REQUIREMENT> Restate the listing word for word; omit the images.

INPUT DATA>

━━━━━━━━━━━━━━━━

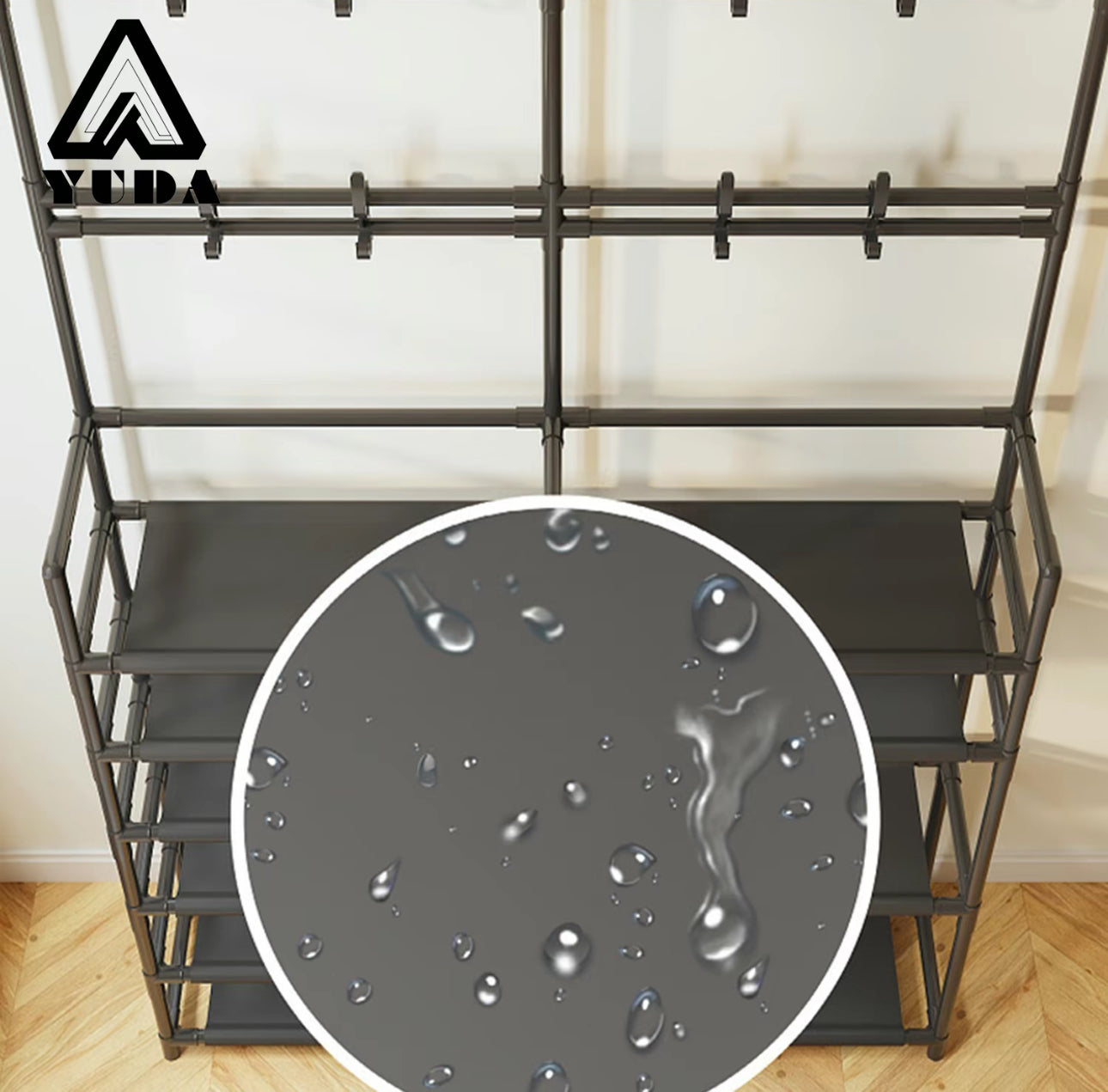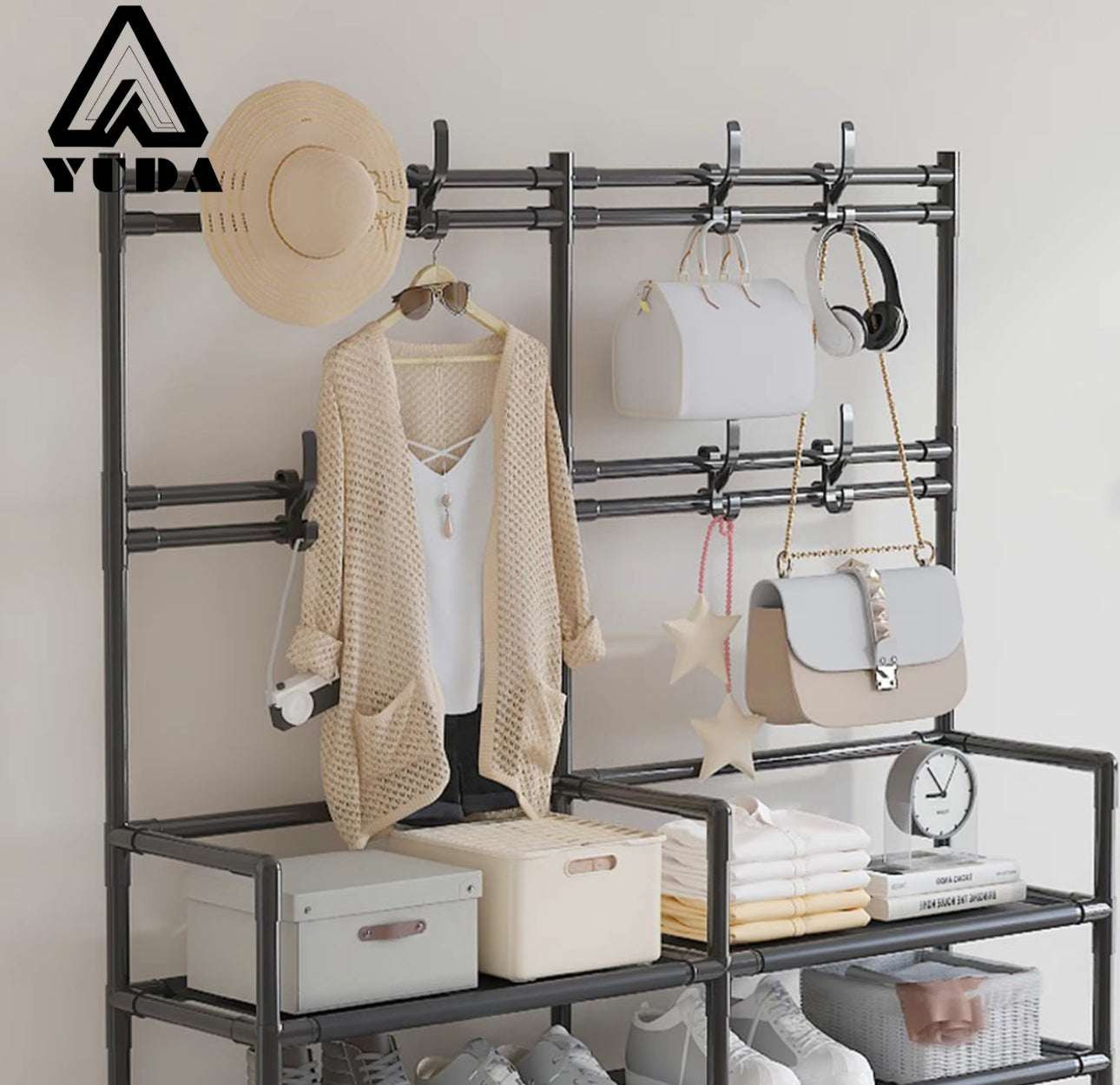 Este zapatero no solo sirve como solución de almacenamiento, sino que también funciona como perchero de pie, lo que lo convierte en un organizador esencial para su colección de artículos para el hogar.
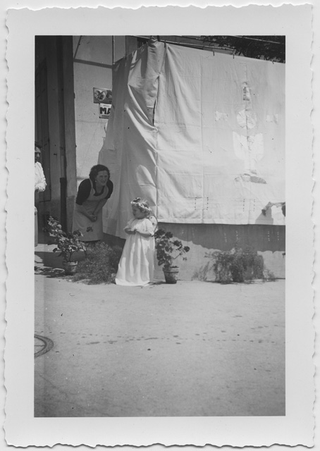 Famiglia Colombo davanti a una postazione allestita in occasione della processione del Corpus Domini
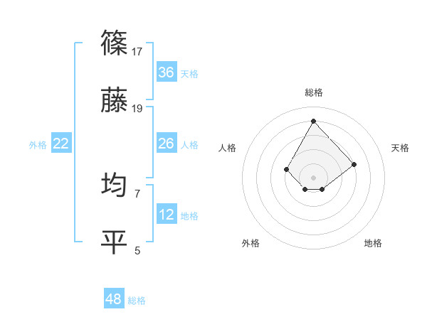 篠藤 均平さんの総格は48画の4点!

━━━━━━━━━━━━━━━━

SOLUTION TO THE PROBLEM>
 Este zapatero no solo sirve como solución de almacenamiento, sino que también funciona como perchero de pie, lo que lo convierte en un organizador esencial para su colección de artículos para el hogar.
 Famiglia Colombo davanti a una postazione allestita in occasione della processione del Corpus Domini
 篠藤 均平さんの総格は48画の4点!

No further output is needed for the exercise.